- Developer: Jutsu Games
- Publishers: PlayWay Code Horizon (Xbox) SONKA (Switch)
- Programmers: Bartek Gajewski Radek Rowicki Bartosz Bruski
- Artist: Anna Szulc
- Composer: Grzegorz Michalak
- Platforms: Windows; PlayStation 4; Xbox One; Android; Switch; Mac; iOS;
- Release: February 24, 2017
- Genre: Simulation
- Mode: Single-player

= 911 Operator (video game) =

2017 video game

911 Operator (Operator Numeru Alarmowego) is a simulation video game developed by Polish studio Jutsu Games and published in 2017 by PlayWay. The player assumes the role of a 9-1-1 telephone operator who must answer phone calls and dispatch police officers, paramedics, and firefighters to various emergencies. 911 Operator was funded through a successful Kickstarter campaign that ran from July 21 to August 20, 2016. The game was released on PC in February 2017, with releases for the PlayStation 4 and Xbox One following later that year. The Android version of the game was released on November 16, 2017. On October 26, 2018, the game was released for Nintendo Switch.

A sequel, 112 Operator, was released on April 23, 2020 on PC via Steam, and on October 22, 2020 on Google Play for Android mobile. It was released on PlayStation 4, PlayStation 5, Xbox One, and Xbox Series X/S on August 30th, 2024.

==Development==
911 Operator was funded via a Kickstarter campaign which launched on July 21, 2016 with a goal of 9,110 Canadian dollars. The campaign ended successfully on August 20, 2016 with a total of $37,924 raised.

==Reception==

The PC version of 911 Operator holds a 68 on Metacritic, indicating mixed or average reviews. CD-Action was supportive of the educational elements of the game, such as learning about symptoms related to medical conditions, but criticized that there was "hardly any game in 911 Operator." Alec Meer of Rock, Paper, Shotgun wrote that the game was "definitely effective at creating tension" but became "increasingly one-note" after a few hours of play. New Game Network's Alex V. also found that the game lacked substantial variety, noting that voice calls became repetitive and that the "game becomes a simple color-matching exercise" of sending appropriate personnel to the color-coded emergency icons. Overall, he found that 911 Operator had potential and a "winning formula" in its gameplay, but was ultimately limited by the lack of variety. Johnathan Irwin of Hooked Gamers gave the game a 7.0/10, praising its gameplay and the options for various maps, but noting that the game eventually became repetitive. Game Grin's Nathan Saretzky also gave 911 Operator a 7/10 rating, concluding that it was a "wonderfully executed arcade game" that succeeded at being "simple and fun". However, Saretzky criticized the repeated calls and felt that the gameplay would be better suited for a touch-based system.

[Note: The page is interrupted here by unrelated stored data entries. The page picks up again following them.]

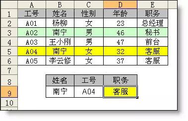 【例3】如下图所示要求,同时根据姓名和工号查找职位。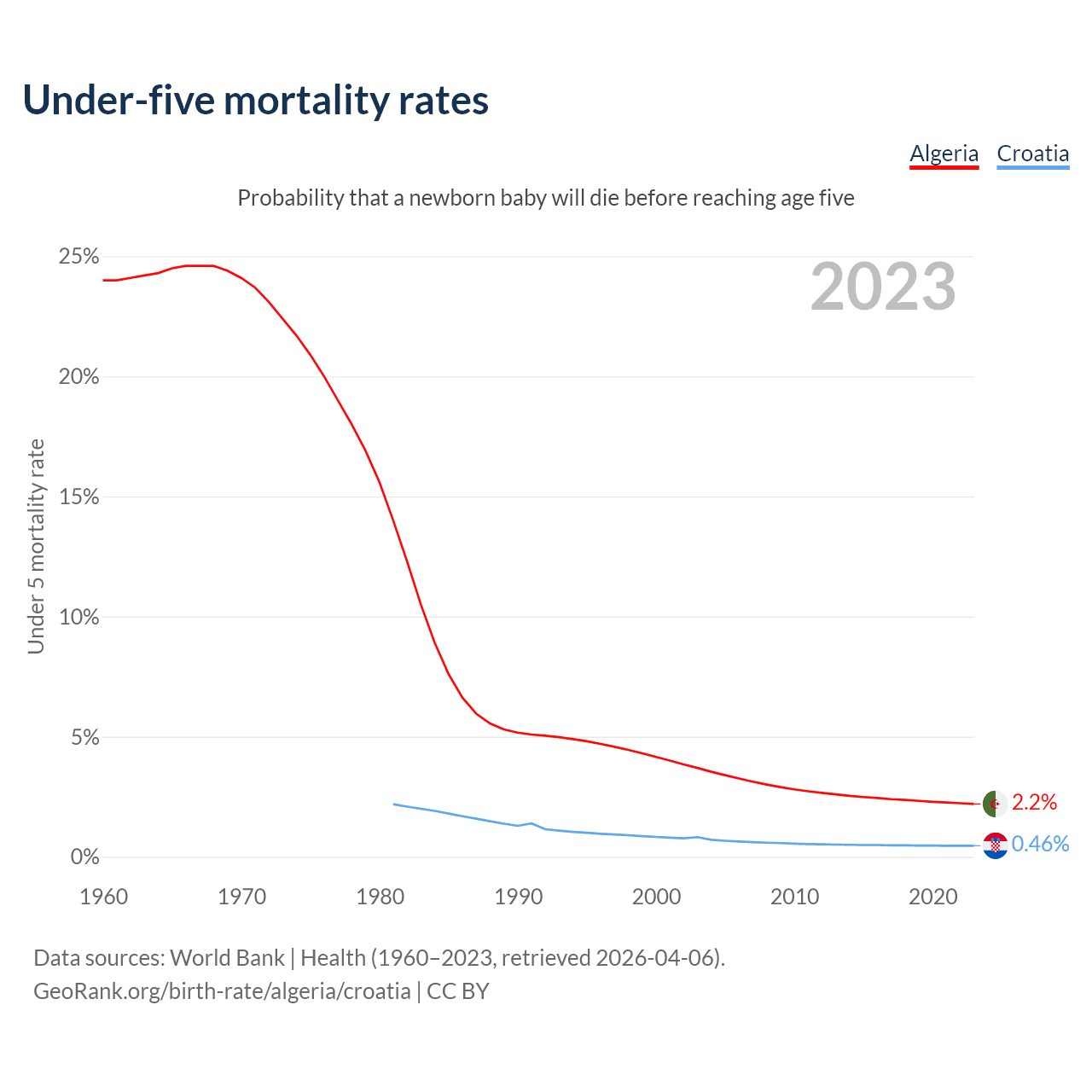 The chance that a newborn baby will die before reaching age five is 2.2% in Algeria and 0.46% in Croatia. Above is a chart with historical data on under-five mortality rates.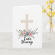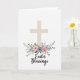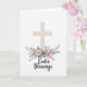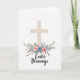 This card shows a sturdy, light-toned cross with a soft, textured look standing out against a white background. Tucked just under the crossbar is a curved floral garland that feels like a gentle embrace, hinting at closeness and care. The flowers are painted in tender blush pink and powder blue, with smaller lilac touches and leafy green sprigs curling outward like they’re reaching toward one another. The rounded petals and flowing leaves soften the straight lines of the cross, creating a calm balance between structure and warmth. Near the bottom, a short Easter message is centered and written in flowing lettering, set in a muted gray-blue that stays easy on the eyes. Plenty of open white space surrounds the artwork, letting the pastel colors breathe like a quiet spring morning 🌷. Fine shading and soft edges give the garland a watercolor feel, with tiny buds and leaf veins adding detail 🐇. The text sits just below the flowers, aligned to the center, with the cross rising above it in a gentle cream tone.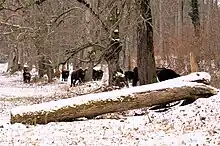 Les Allemands relâcheront des aurochs de Heck « tout d'abord dans les forêts de Prusse-Orientale et puis dans la Pologne occupée par l'armée nazie dans la forêt de Białowieża[33] ». Des bisons seront également relâchés dans cette forêt. Les aurochs de Heck relâchés ne semblent pas avoir survécu à la guerre ou à leur contact avec la nature sauvage.

The Xbox One release of 911 Operator received similarly mixed reviews. Xbox Tavern's Anthony Cole posited that it "houses an interesting idea but doesn't back it up with any depth," finding the game repetitive, simplistic, and boring. Neil Watton of The Xbox Hub also criticized the repetitive gameplay and "awkward" controls, though found the general concept of the game "clever". Writing for TrueAchievements, Marc Hollinshead praised its educational and strategical elements, but commented that "repetition creeps in quickly", particularly in regard to the repeated voice calls.

Aggregate scores
| Aggregator | Score |  |
| NS | PC |
| GameRankings | 71.25% | 71.25% |
| Metacritic | 72/100 | 68/100 |

==Legacy==
A sequel to the game, 112 Operator, was released on Steam on April 23, 2020. It received a score of 71 on Metacritic, indicating mixed or average reviews.